Foul odor in the vaginal area is often due to an infection, Dr. Berman explains. Keeping the area clean by washing with soap and water daily is essential, but hygiene is not always enough.
Dr. Berman displays WaterWorks the only product approved by the United States Food and Drug Administration to get rid of vaginal odor. Tap water flows through a stainless steel nozzle, which helps reduce unwanted odors without harsh chemicals or perfume cover-ups.The water flows downhill, as opposed to douching, which propels fluid upwards. The nozzle is placed in the vagina, and the steel and water come in contact with the wall of the vagina and eliminate foul smells by flushing out odor-causing bacteria.

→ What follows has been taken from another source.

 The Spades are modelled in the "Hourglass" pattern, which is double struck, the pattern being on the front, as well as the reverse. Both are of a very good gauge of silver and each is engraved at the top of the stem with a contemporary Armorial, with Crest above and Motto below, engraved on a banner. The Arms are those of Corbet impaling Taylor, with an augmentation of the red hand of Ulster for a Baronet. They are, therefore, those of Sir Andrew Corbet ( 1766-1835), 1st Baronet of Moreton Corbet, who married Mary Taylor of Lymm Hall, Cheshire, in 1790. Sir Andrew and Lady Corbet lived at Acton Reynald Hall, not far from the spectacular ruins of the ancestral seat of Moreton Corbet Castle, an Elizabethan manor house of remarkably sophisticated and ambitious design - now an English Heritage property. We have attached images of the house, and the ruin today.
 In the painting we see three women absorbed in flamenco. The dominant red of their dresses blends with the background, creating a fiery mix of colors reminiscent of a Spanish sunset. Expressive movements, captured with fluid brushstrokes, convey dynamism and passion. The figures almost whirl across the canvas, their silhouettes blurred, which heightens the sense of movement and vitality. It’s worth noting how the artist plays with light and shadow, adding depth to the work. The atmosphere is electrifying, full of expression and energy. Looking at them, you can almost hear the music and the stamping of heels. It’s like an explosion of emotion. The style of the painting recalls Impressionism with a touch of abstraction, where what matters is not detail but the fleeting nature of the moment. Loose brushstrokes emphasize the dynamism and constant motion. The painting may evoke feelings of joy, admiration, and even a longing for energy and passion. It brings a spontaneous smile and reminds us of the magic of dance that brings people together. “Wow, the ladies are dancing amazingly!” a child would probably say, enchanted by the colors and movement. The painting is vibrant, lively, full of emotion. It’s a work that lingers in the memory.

Heart disease is the leading cause of death for American women. But how do you know if you’re at risk? Guest cardiologist Dr. Suzanne Steinbaum stresses that 75 to 80 percent of the time, heart disease is preventable.

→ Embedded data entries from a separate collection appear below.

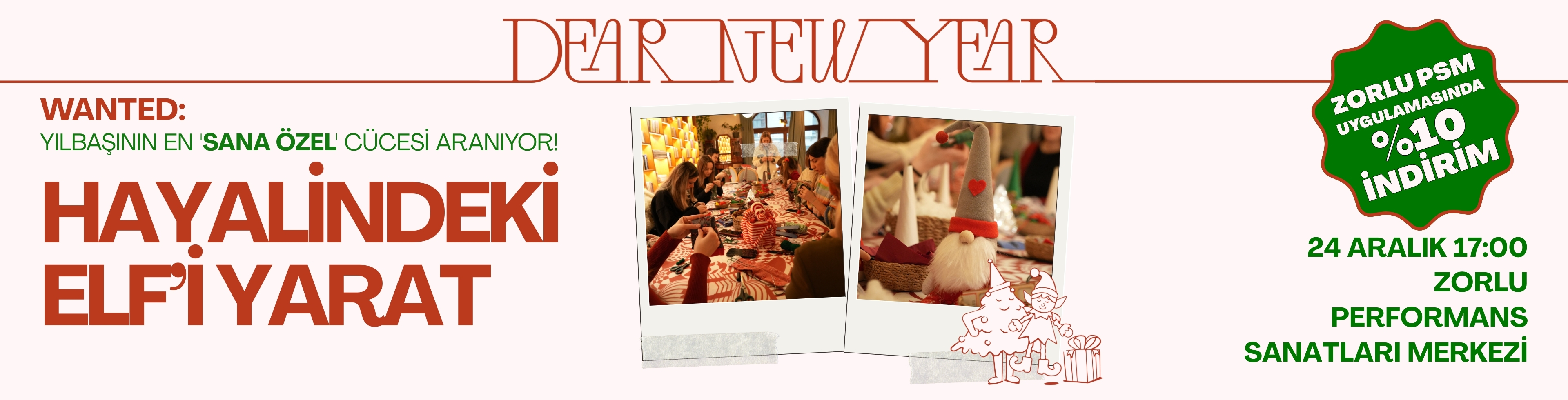 Zorlu PSM uygulamasını indir, kampanya kodunu aktive et ve 23 Aralık Salı günü Zorlu PSM'de gerçekleşecek olan Dear New Year: Hayalindeki Elf'i Yarat Atölyesi için %10 indirim fırsatını yakala!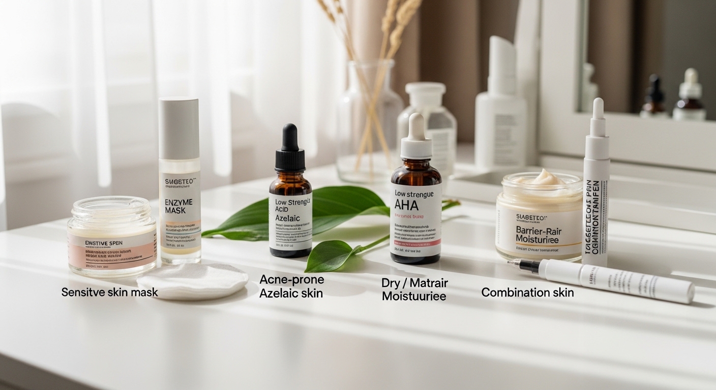 Use PHAs or enzyme masks. Avoid fragrance-heavy products.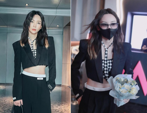 掌握流量密码,不仅仅依靠舞台魅力,几周一播的舞台不能稳固最佳流量,于文文用私服穿搭的酷飒,直接引爆潮流时尚届。众所周知,女星成也穿搭败也穿搭,节目第一期播出后,于文文火速掀掉假刘海,一改早年以甜妹形象示人的刻板印象,批下性感长发,用简单黑色短西装衬搭国际时装内衣Pom Pêche彭派奇,一只手托墨镜、一只手捧鲜花,霸总上班氛围感直接拉满!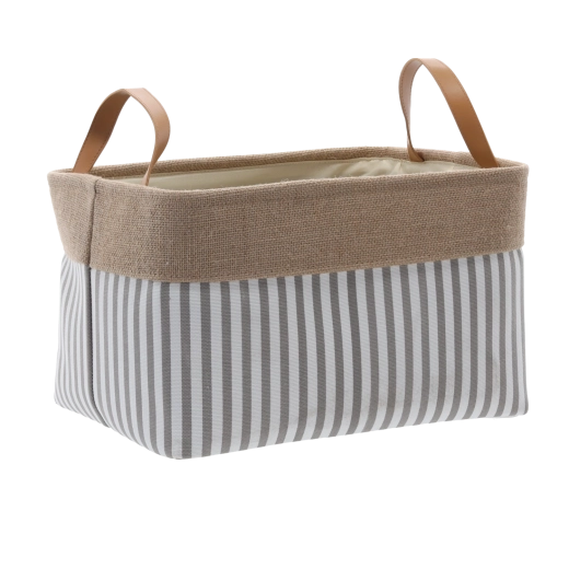 Udržte si pořádek doma stylově. Tento textilní úložný koš o rozměrech 30 × 40 × 24 cm poskytuje univerzální prostor pro organizaci každodenních věcí – od prádla a hraček po knihy a koupelnové doplňky. Neutrální proužkovaný vzor a béžové detaily ladí s většinou dekorů.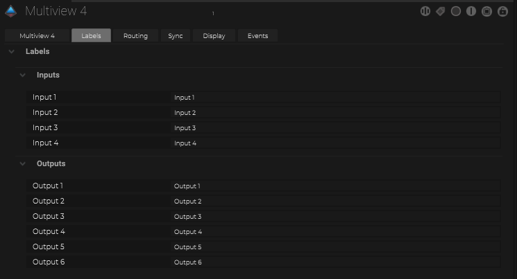 The option to view and modify the labels for both the inputs and outputs of the Multiview.

• High blood pressure High cholesterol
The cardiologist explains that chest pain isn’t the only indicator of heart disease in women. Symptoms can masquerade as seemingly harmless complaints, such as nausea, shortness of breath and fatigue.

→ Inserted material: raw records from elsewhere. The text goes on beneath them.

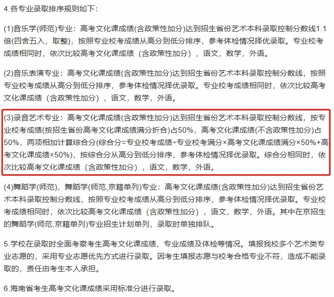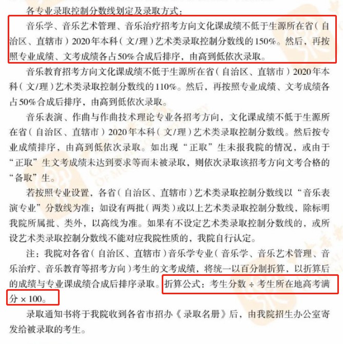 文化课过线,文化课一定比例+专业课一定比例相加或折合计算综合分录取,你可就要好好算一算综合分了。比如:2020年中央音乐学院音乐学专业、音乐教育专业,文化与专业各占50合成成绩排序,上海音乐学院录音艺术专业是按专业占90与文化占10折算总分,星海音乐学院作曲与作曲技术理论专业是按专业占70+文化占30折算总分,较后算综合分录取。
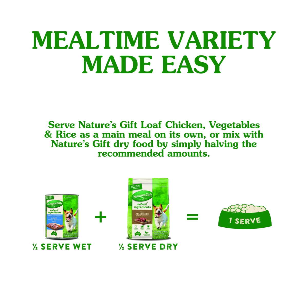 For exciting meal times that will keep your dogs tail wagging, you can also try mixing this with Natures Gift dry food too.
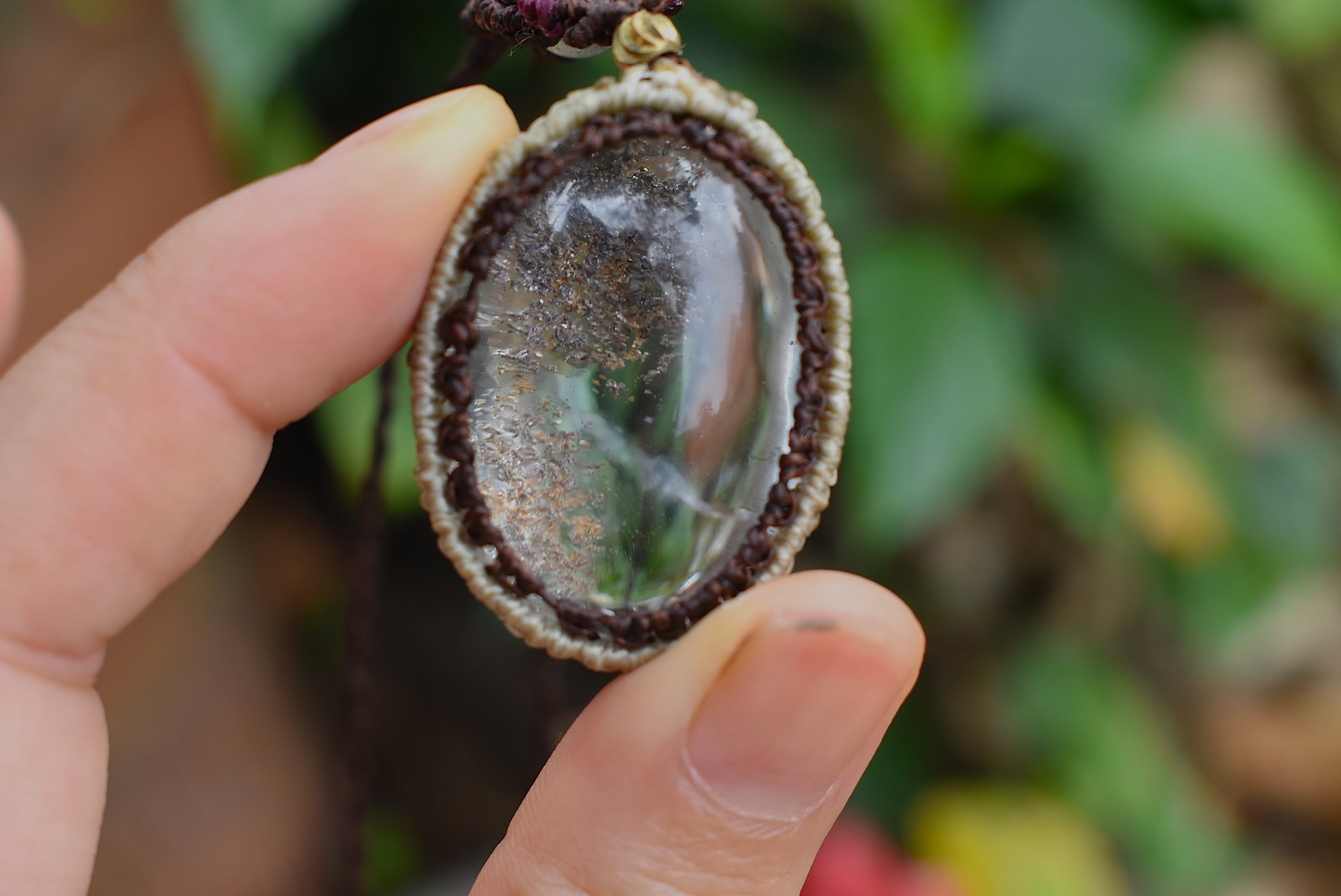 宇宙色と大地★ガーデンクォーツ マクラメペンダント
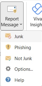 Click the down arrow next to Report Message, then select either Junk or Phishing.
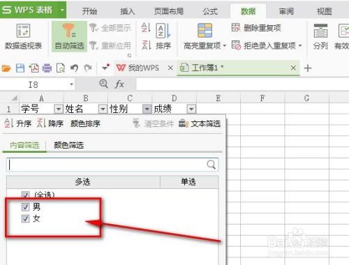 点击性别一列的三角图标,然后把“男”前面的勾去失落,点击确定。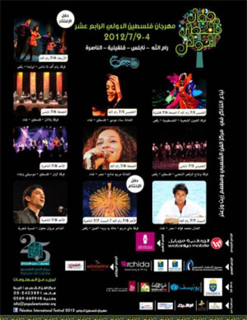 ساهم البرنامج في دعم فعاليات عدد من المهرجانات أقيمت في مدن فلسطينية عدة، واستضافت عدداً من الفنانين والفرق الفنية المحلية والدولية، منها مهرجان فلسطين الدولي الرابع عشر الذي نظمه مركز الفن الشعبي في مواقع مختلفة. كما ساهم البرنامج في دعم مهرجان القدس 2012 بتنظيم من مركز يبوس الثقافي في مدينة القدس، ومهرجان وادي الشعير الثاني للثقافة والسياحة والفنون 2012، بتنظيم من مركز واصل لتنمية الشباب في عنبتا قضاء طولكرم، إضافة إلى مهرجان نظمته جمعية الشباب الديمقراطي للتنمية في عرّابة قضاء جنين.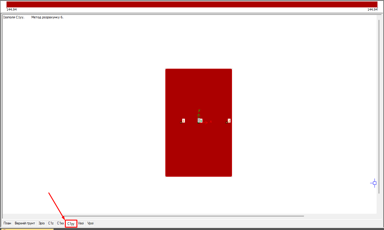При натисканні на вкладки C1z, C1xx, C1yy, є можливість побачити значення ізополей коефіцієнтів пружної основи, які були розраховані за формулами (34), (35), (36).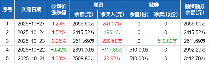A500ETF易方达:融资净买入241.07万元,融资余额2656.6万元(10-27)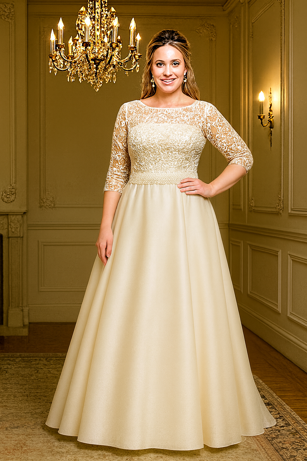 Vestido de novia elegante y romántico confeccionado en un diseño A-line que estiliza la figura con naturalidad. El corpiño está elaborado en encaje de algodón delicado con mangas tres cuartos semitransparentes, aportando un aire sofisticado y refinado. Su escote redondeado realza la feminidad de manera sutil y favorecedora.

“Everybody needs to pay attention to their own bodies, know their risk factors, and do something about it!” Dr. Steinbaum instructs. “And empower themselves to make a difference in their own health!”
Anxiety Attack or Heart Attack?
Twenty-eight-year-old Deanna started having heart palpitations and turns to Dr. Steinbaum for help. Though Deanna reported heart palpitations before, her doctors dismissed her concerns as anxiety.
Dr. Steinbaum performs three tests on Deanna:
1. Electrocardiogram (EKG)
Measures the electrical activity of the heart
An ultrasound that looks at the walls and the chambers of the heart
3. Stress Test Measures the function of the heart during exercise
The tests reveal that Deanna has a mitral valve prolapse, which is a common heart disorder. It occurs when the valve between the heart's left upper chamber (left atrium) and the left lower chamber (left ventricle) doesn't close properly. However, the doctor assures Deanna that her heart is just fine.
The cardiologist explains that, due to the physiology of women’s hormones, a panic attack can often simulate heart palpitations. Dr. Steinbaum suggests that every time Deanna feels stressed, she should take deep breaths and hold them for four seconds and exhale for six seconds, which will decrease the flutters.